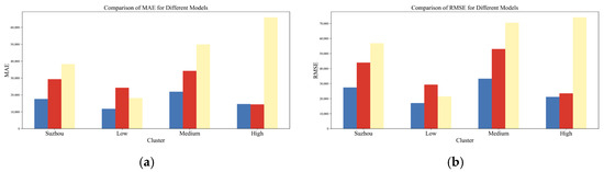 In order to explore the applicability of the method proposed in this study in different population density regions, the K-Means clustering method is employed to divide the streets of Suzhou City into three types of population density zones: high, medium, and low. Furthermore, the differences in the performance of the HFIPop, RFPop, and WorldPop datasets in these zones are validated. The results are presented in Figure 7, which demonstrates that there are notable discrepancies in the performance of each model across different population density regions.
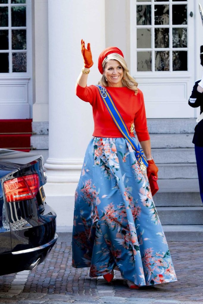 Máxima kiest voor Prinsjesdag 2021 voor een taftzijden rok in pastelkleuren met abstractie bloemenprint van Natan. Ze draagt daarop een oranje top van een fijn geweven wollen jersey met bijpassende turban.
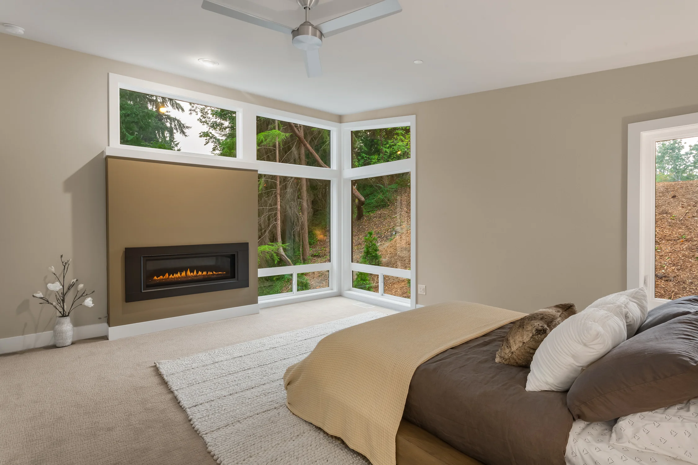 Lot 1, The Carillon features 4 bedrooms and 3.75 bathrooms with a total of 3,373 sq. ft. of living space. Main floor features 10 ft. ceilings, a spacious great room, dining room, entertainment-size kitchen with separate scullery, laundry room and den with adjacent 3⁄4 bath. Upstairs provides a spacious master bedroom with a contemporary gas fireplace, dramatic master bath with huge walk-in tile shower, free-standing designer spa tub and an impressive walk-in closet with built-in solid shelving, 3 bedrooms, an ensuite bath and jack and jill bath. The Carillon plan also includes a 3-car garage, lower level rec room with extra storage, and a 500 SF entertaining deck with covered see - through gas fireplace off the great room.
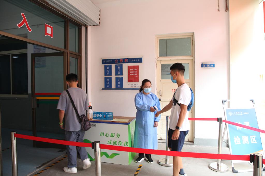 8月27至29日,泰安校区举行了2020年秋季学期疫情防控应急演练。演练工作组成员到场观摩并指导,各部门、单位相关负责人,全体学生工作干部等参加现场观摩。
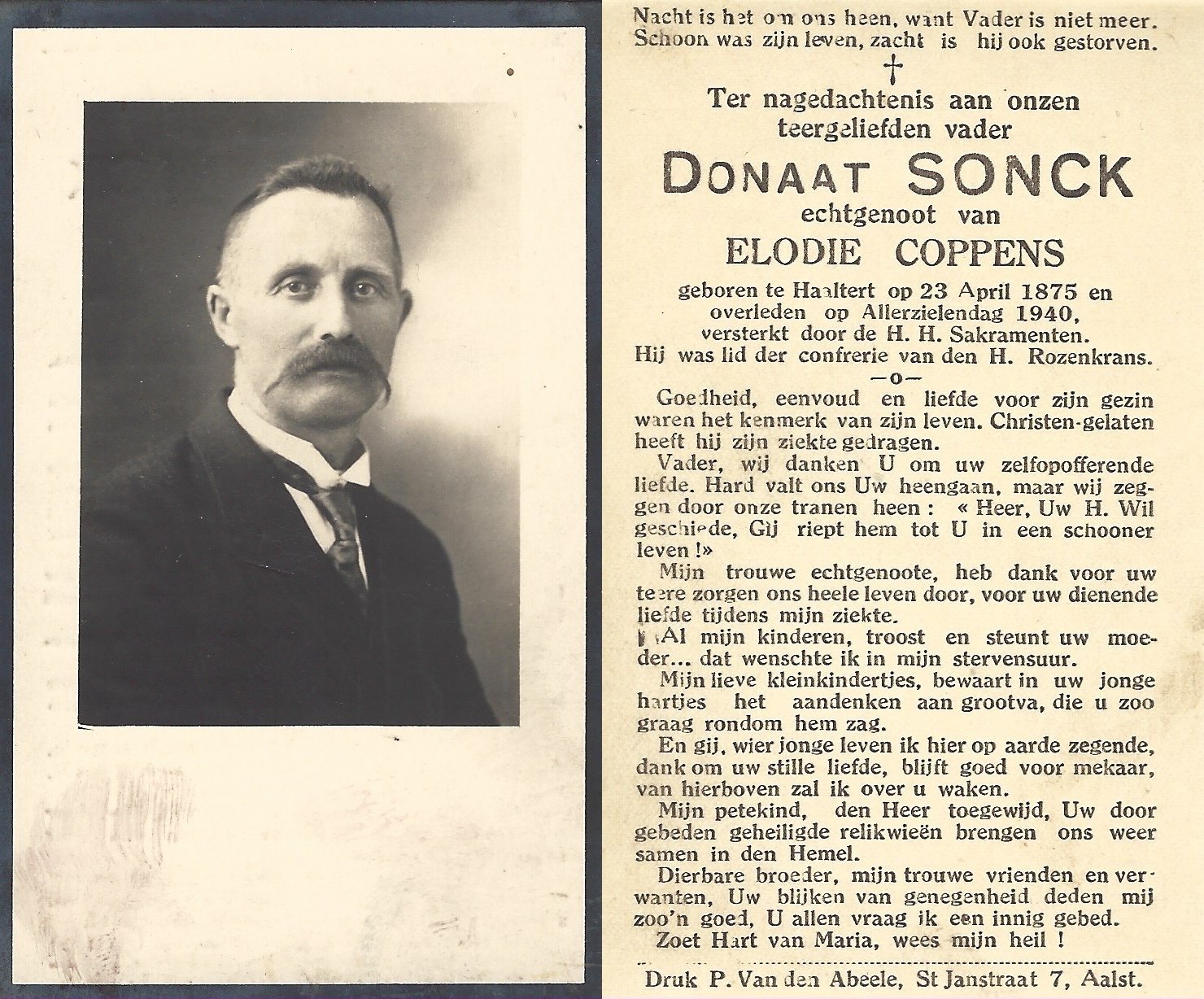 | Sonck Donaat | Coppens Elodie | Haaltert | 23/04/1875 | Haaltert | 02/11/1940 |
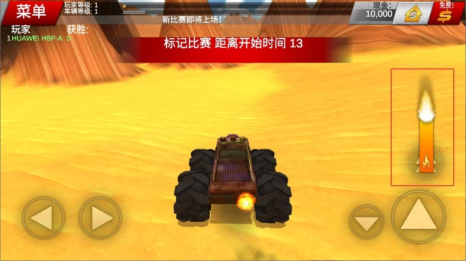 4、在直线路段时要记得点击加速按钮,这样可以瞬间提高车速冲过终点,多练习几次就能把握好时机。

**Task goal**.
The data must be printed exactly, image-free.

**Task response**.
 In order to explore the applicability of the method proposed in this study in different population density regions, the K-Means clustering method is employed to divide the streets of Suzhou City into three types of population density zones: high, medium, and low. Furthermore, the differences in the performance of the HFIPop, RFPop, and WorldPop datasets in these zones are validated. The results are presented in Figure 7, which demonstrates that there are notable discrepancies in the performance of each model across different population density regions.
 Máxima kiest voor Prinsjesdag 2021 voor een taftzijden rok in pastelkleuren met abstractie bloemenprint van Natan. Ze draagt daarop een oranje top van een fijn geweven wollen jersey met bijpassende turban.
 Lot 1, The Carillon features 4 bedrooms and 3.75 bathrooms with a total of 3,373 sq. ft. of living space. Main floor features 10 ft. ceilings, a spacious great room, dining room, entertainment-size kitchen with separate scullery, laundry room and den with adjacent 3⁄4 bath. Upstairs provides a spacious master bedroom with a contemporary gas fireplace, dramatic master bath with huge walk-in tile shower, free-standing designer spa tub and an impressive walk-in closet with built-in solid shelving, 3 bedrooms, an ensuite bath and jack and jill bath. The Carillon plan also includes a 3-car garage, lower level rec room with extra storage, and a 500 SF entertaining deck with covered see - through gas fireplace off the great room.
 8月27至29日,泰安校区举行了2020年秋季学期疫情防控应急演练。演练工作组成员到场观摩并指导,各部门、单位相关负责人,全体学生工作干部等参加现场观摩。
 | Sonck Donaat | Coppens Elodie | Haaltert | 23/04/1875 | Haaltert | 02/11/1940 |
 4、在直线路段时要记得点击加速按钮,这样可以瞬间提高车速冲过终点,多练习几次就能把握好时机。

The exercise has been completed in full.